On a parlé de basket, forcément, mais aussi de sommeil, de nutrition, de philosophie de vie… Un tas de choses super intéressantes que je tenais à vous partager 🙂
Moi : Pour nous mettre dans le contexte, pourrais-tu nous décrire ce qu’est une semaine « type » pour toi ?
Edwin : Alors déjà ici on joue les dimanches, à 12h15. Puis le lundi soir, on fait une séance « décrassage » qui est personnalisée, suivant le temps de jeu qu’on a eu la veille, notre âge, nos antécédents de blessures…
Mardi matin on a musculation. Pas de la « muscu » à proprement parlé, c’est + du renforcement musculaire, du travail en excentrique pour prévenir les tendinites par exemple. Puis on s’entraîne le soir. Le mardi est le seul jour où on s’entraîne deux fois.
Mercredi matin c’est repos mais moi je vais généralement à la salle pour shooter.
Mercredi soir, on fait beaucoup de jeu…
Jeudi = day off, c’est un jour réservé pour les soins.
On a un coach qui fait des entrainements très intenses, pour nous mettre en condition de match. C’est bien, c’est ce qui me manquait un peu l’année dernière. Cette année après un entrainement on a l’impression d’avoir fait un match !
Puis vendredi matin et samedi matin entrainement…
Moi : Ok, ça fait quand même pas mal de temps libre ! Comment est-ce que tu occupes ton temps libre justement ?
Edwin : Ah mais ce que je t’ai décrit c’est le programme de l’équipe. Moi je m’entraîne deux fois par jours, tous les jours. Je fais de la muscu tous les jours… Encore une fois je dis « muscu » mais c’est + du renforcement musculaire à base gainage.
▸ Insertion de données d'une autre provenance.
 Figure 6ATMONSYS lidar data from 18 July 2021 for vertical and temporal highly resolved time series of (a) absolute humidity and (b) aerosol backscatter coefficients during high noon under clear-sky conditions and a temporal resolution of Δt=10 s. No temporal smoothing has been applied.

Je fais des exercices de rotation pour les épaules, des petits exercices de yoga, de la relaxation… Je ne soulève pas des poids tous les jours !
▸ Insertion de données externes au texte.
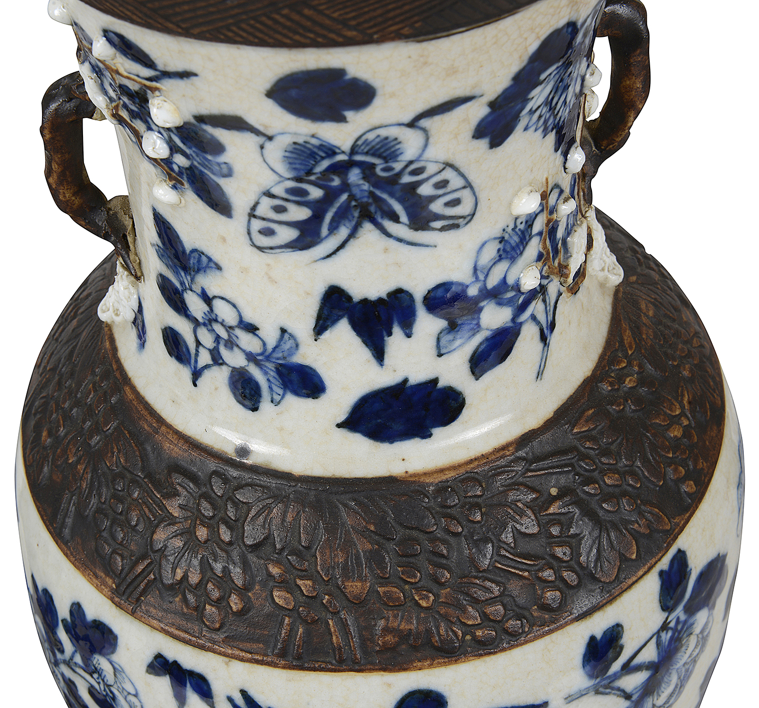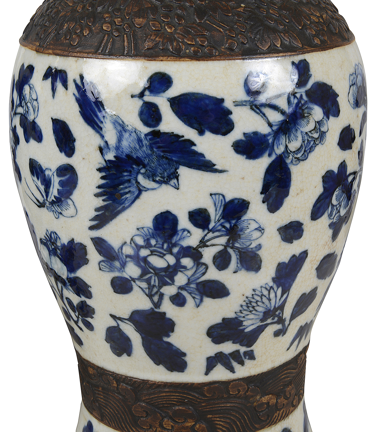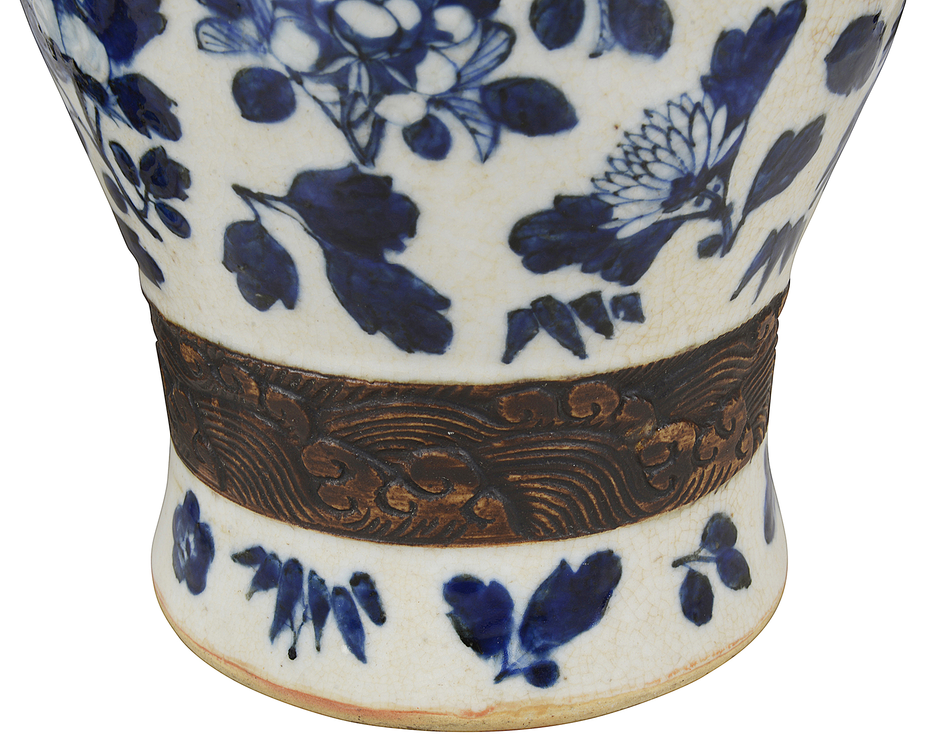 A good quality pair of late 19th Century Chinese Blue and White crackleware vases / lamps.

Il faut que mon corps soit « tip-top » car c’est mon outil de travail. Je fais même des exercices pour mes doigts… Car tu peux être super fort techniquement, mais le jour ou ton corps te dit stop c’est mort !
M : Est-ce que ça marche alors ?
E : Pour l’instant oui ! (Il touche du bois^^). En 10 ans de carrière j’ai dû rater 5 matchs. Je m’étais fait une entorse en retombant sur un pied, un truc que tu ne peux pas contrôler…
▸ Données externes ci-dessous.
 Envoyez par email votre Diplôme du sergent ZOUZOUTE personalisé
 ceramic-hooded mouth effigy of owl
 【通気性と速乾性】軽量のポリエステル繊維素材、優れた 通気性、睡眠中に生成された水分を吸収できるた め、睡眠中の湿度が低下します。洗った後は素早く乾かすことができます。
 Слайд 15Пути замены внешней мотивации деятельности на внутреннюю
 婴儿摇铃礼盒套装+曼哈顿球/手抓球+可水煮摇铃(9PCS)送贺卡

M : Et tu es suivi par un préparateur physique en permanence ?
E : Au début, j’étais beaucoup suivi et j’ai appris plein de choses grâce aux préparateurs physiques. Parfois j’ai encore besoin de conseils évidemment, mais je connais aujourd’hui bien mieux mon corps et je sais ce dont il a besoin. On est tous différent, Antoine (Diot) par exemple va + axer son travail sur son dos. Il faut faire ce qui te correspond vraiment.
M : L’idée est donc d’expérimenter plusieurs « méthodes d’entrainement/renforcement » et de tirer de ces expériences ce qui te correspond, pour ensuite cibler ton travail en fonction de ce que ton corps/esprit a besoin ?
E : Exactement, je pense que c’est la clef. Si tu te blesses, on ne te laisse jamais le temps de te rétablir à 100% ! Car t’es engagé et il y a une pression financière, on te paye pour jouer. Donc à haut niveau, on va te donner des anti-inflammatoires et tu vas rejouer le plus vite possible. Donc ton corps compense, il tire sur autre chose et puis ça créer d’autres problèmes. Une fois que tu commences à te blesser et que tu joues à haut niveau c’est très dur à gérer… Il faudrait couper et prendre le temps de se soigner mais pour toute les raisons que je viens de te dire, ça se passe rarement comme ça. La meilleure chose à faire est donc de faire en sorte de ne pas se blesser!
M : Quel conseil donnerais-tu à un adolescent qui est en centre de formation et qui essaye de devenir pro ?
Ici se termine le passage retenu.